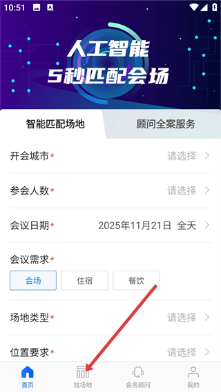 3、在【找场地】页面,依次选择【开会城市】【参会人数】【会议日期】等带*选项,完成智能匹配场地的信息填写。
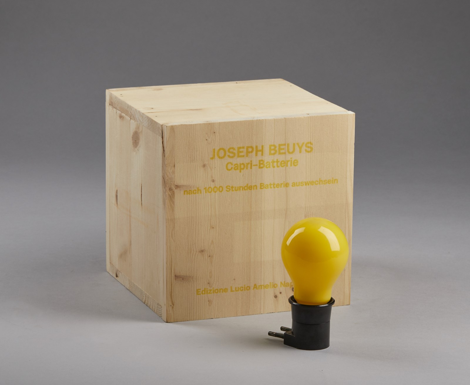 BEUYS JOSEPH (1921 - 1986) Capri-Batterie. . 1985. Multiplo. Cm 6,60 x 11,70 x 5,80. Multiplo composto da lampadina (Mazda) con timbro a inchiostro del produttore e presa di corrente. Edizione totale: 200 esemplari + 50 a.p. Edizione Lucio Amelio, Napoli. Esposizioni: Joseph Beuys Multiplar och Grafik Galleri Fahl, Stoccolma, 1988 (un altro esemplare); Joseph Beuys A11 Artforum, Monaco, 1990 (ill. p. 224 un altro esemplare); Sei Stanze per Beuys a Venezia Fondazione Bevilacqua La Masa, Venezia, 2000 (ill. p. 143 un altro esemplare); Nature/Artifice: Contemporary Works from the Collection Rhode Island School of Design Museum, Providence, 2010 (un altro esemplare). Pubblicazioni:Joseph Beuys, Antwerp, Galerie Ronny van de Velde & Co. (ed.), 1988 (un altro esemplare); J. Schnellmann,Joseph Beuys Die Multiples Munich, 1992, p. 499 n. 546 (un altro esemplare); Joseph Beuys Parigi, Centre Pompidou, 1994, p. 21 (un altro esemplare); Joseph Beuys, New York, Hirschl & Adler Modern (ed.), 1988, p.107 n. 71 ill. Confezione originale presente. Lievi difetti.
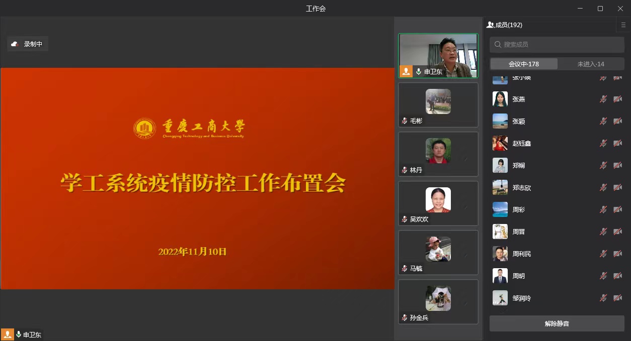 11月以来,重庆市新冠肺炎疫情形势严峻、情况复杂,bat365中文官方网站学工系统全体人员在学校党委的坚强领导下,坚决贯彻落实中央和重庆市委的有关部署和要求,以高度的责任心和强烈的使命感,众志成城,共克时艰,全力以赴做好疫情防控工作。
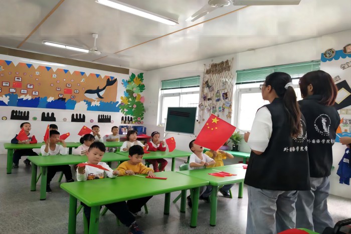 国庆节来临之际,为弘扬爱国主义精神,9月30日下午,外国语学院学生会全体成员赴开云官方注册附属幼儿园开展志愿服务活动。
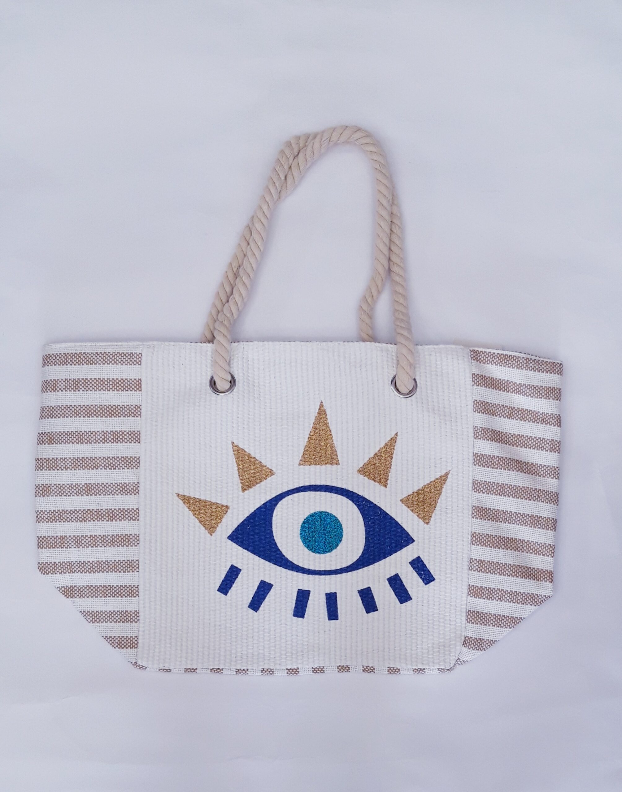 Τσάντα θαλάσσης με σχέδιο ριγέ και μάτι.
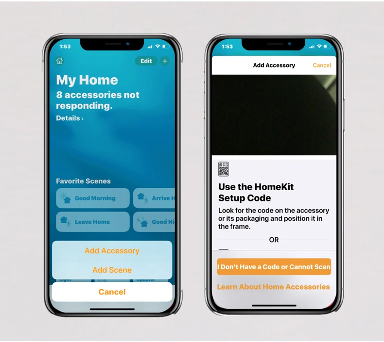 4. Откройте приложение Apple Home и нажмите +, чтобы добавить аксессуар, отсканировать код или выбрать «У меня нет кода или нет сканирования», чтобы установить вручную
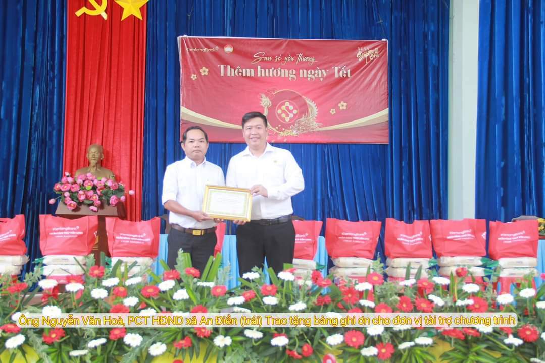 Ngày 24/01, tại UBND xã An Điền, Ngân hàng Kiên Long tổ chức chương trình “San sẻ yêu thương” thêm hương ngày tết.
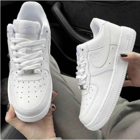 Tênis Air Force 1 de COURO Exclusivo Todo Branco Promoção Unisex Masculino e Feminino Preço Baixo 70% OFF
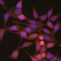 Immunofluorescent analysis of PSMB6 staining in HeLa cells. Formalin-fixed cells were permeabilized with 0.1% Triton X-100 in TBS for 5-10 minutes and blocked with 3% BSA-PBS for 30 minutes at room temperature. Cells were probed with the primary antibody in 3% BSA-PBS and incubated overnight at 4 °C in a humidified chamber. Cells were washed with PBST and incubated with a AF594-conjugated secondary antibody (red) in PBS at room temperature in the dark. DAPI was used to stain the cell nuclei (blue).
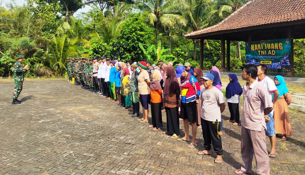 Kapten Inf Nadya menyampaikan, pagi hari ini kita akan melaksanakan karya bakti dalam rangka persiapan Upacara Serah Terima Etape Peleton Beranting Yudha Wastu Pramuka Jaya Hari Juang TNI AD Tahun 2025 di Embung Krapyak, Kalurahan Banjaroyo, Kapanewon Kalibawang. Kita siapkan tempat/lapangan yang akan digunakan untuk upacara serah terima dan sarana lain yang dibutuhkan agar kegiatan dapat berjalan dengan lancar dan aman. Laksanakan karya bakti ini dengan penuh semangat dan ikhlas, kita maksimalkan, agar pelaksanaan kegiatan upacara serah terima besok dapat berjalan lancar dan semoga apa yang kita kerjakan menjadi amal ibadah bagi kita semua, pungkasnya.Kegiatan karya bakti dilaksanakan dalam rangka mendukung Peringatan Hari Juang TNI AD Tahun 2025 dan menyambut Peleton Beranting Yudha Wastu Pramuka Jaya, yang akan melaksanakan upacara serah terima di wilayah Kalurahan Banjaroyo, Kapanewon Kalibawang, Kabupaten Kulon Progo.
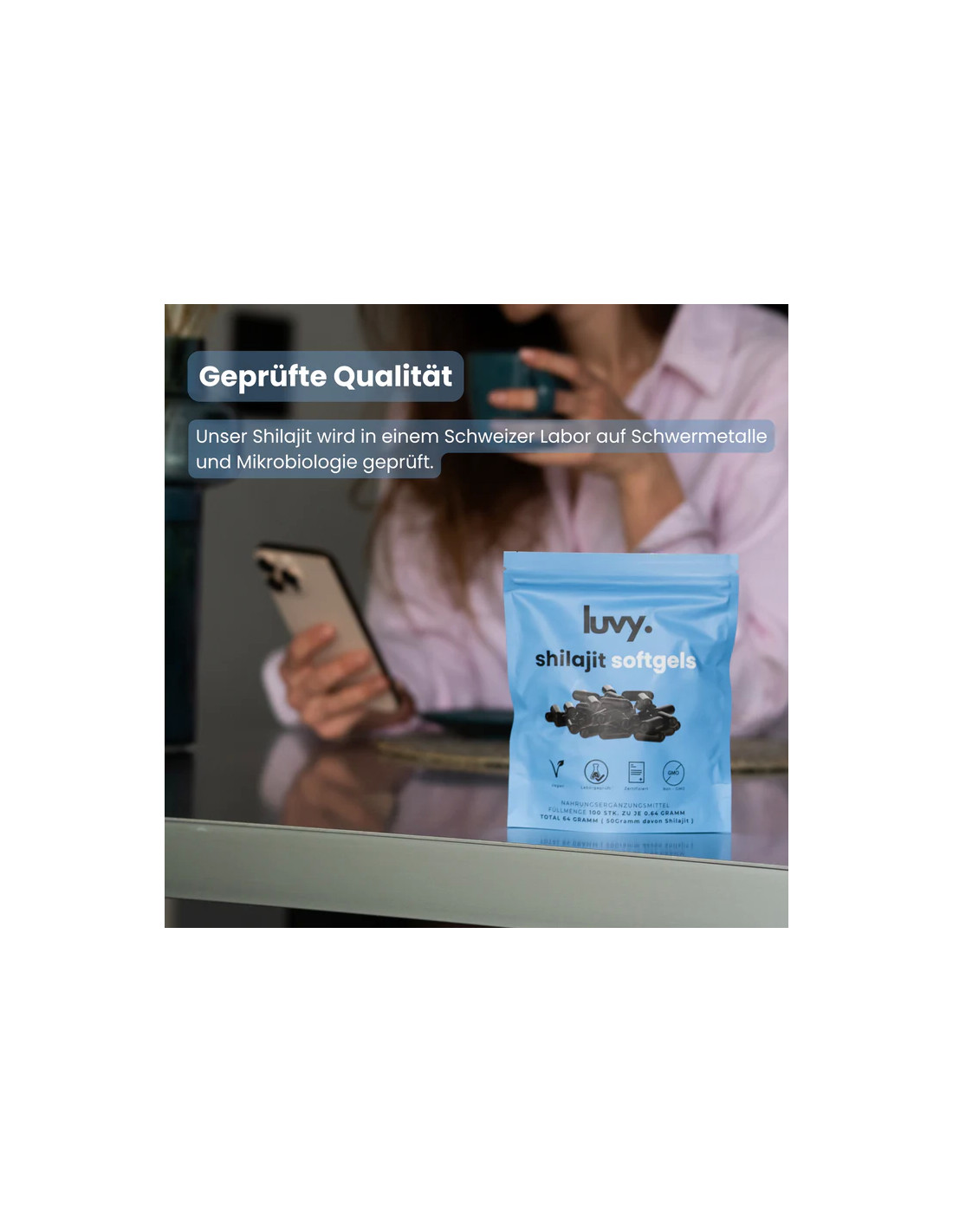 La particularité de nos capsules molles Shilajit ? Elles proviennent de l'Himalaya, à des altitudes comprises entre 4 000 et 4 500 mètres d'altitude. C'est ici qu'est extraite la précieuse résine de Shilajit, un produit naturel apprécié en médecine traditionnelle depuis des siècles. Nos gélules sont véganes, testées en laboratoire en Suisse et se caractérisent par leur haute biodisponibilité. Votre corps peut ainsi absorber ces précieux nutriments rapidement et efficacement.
...
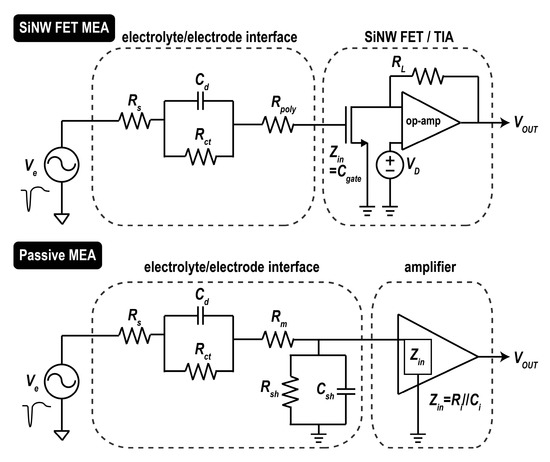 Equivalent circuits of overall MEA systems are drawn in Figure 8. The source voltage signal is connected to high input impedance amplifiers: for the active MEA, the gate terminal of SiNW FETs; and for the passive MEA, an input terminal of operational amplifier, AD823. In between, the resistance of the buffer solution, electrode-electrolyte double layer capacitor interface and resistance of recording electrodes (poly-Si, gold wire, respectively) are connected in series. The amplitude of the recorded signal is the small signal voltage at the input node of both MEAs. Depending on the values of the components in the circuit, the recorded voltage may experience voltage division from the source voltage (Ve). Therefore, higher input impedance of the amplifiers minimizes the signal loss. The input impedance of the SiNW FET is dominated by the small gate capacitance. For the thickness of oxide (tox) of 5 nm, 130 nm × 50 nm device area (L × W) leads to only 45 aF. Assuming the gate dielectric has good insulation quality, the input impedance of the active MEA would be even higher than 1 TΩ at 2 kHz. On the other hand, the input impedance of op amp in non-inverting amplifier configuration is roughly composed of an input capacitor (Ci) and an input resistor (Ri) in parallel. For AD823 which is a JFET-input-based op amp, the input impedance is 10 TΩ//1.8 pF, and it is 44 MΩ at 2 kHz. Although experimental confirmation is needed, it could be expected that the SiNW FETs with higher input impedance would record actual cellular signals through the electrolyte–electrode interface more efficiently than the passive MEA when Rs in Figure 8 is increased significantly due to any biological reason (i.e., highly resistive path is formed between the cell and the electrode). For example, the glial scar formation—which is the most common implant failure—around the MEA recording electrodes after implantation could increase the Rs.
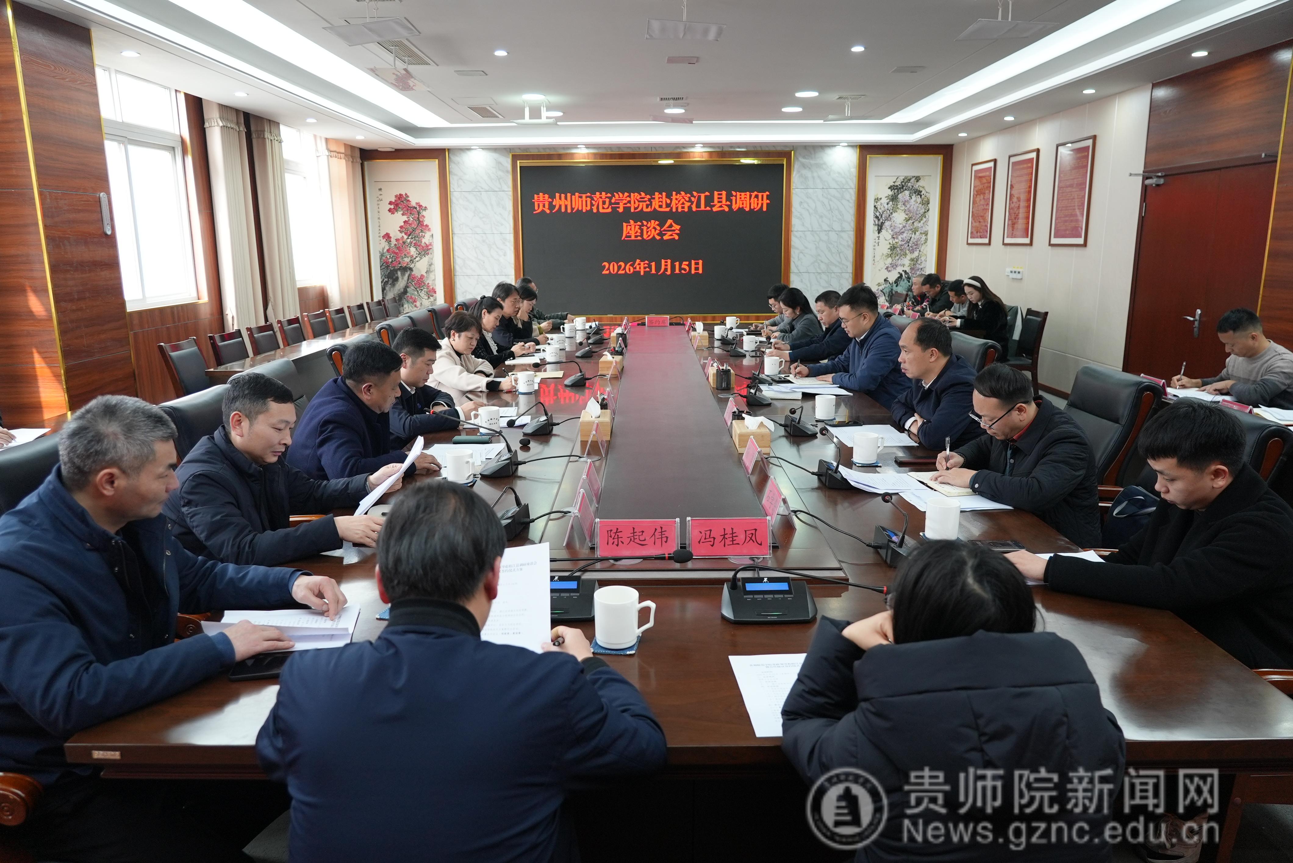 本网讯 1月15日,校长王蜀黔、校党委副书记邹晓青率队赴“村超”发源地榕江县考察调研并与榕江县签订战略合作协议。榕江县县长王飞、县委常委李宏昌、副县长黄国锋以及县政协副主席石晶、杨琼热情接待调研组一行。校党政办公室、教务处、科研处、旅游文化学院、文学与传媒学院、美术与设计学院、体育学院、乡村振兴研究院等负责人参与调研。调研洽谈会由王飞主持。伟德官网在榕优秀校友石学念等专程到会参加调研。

§ What is expected:
Quote the data above exactly from the line with "Ngày 24/01, tại" to the line with "La particularité de", both ends counted, and nothing else. Pictures don't go in.

§ Exercise response:
 Ngày 24/01, tại UBND xã An Điền, Ngân hàng Kiên Long tổ chức chương trình “San sẻ yêu thương” thêm hương ngày tết.
 Tênis Air Force 1 de COURO Exclusivo Todo Branco Promoção Unisex Masculino e Feminino Preço Baixo 70% OFF
 Immunofluorescent analysis of PSMB6 staining in HeLa cells. Formalin-fixed cells were permeabilized with 0.1% Triton X-100 in TBS for 5-10 minutes and blocked with 3% BSA-PBS for 30 minutes at room temperature. Cells were probed with the primary antibody in 3% BSA-PBS and incubated overnight at 4 °C in a humidified chamber. Cells were washed with PBST and incubated with a AF594-conjugated secondary antibody (red) in PBS at room temperature in the dark. DAPI was used to stain the cell nuclei (blue).
 Kapten Inf Nadya menyampaikan, pagi hari ini kita akan melaksanakan karya bakti dalam rangka persiapan Upacara Serah Terima Etape Peleton Beranting Yudha Wastu Pramuka Jaya Hari Juang TNI AD Tahun 2025 di Embung Krapyak, Kalurahan Banjaroyo, Kapanewon Kalibawang. Kita siapkan tempat/lapangan yang akan digunakan untuk upacara serah terima dan sarana lain yang dibutuhkan agar kegiatan dapat berjalan dengan lancar dan aman. Laksanakan karya bakti ini dengan penuh semangat dan ikhlas, kita maksimalkan, agar pelaksanaan kegiatan upacara serah terima besok dapat berjalan lancar dan semoga apa yang kita kerjakan menjadi amal ibadah bagi kita semua, pungkasnya.Kegiatan karya bakti dilaksanakan dalam rangka mendukung Peringatan Hari Juang TNI AD Tahun 2025 dan menyambut Peleton Beranting Yudha Wastu Pramuka Jaya, yang akan melaksanakan upacara serah terima di wilayah Kalurahan Banjaroyo, Kapanewon Kalibawang, Kabupaten Kulon Progo.
 La particularité de nos capsules molles Shilajit ? Elles proviennent de l'Himalaya, à des altitudes comprises entre 4 000 et 4 500 mètres d'altitude. C'est ici qu'est extraite la précieuse résine de Shilajit, un produit naturel apprécié en médecine traditionnelle depuis des siècles. Nos gélules sont véganes, testées en laboratoire en Suisse et se caractérisent par leur haute biodisponibilité. Votre corps peut ainsi absorber ces précieux nutriments rapidement et efficacement.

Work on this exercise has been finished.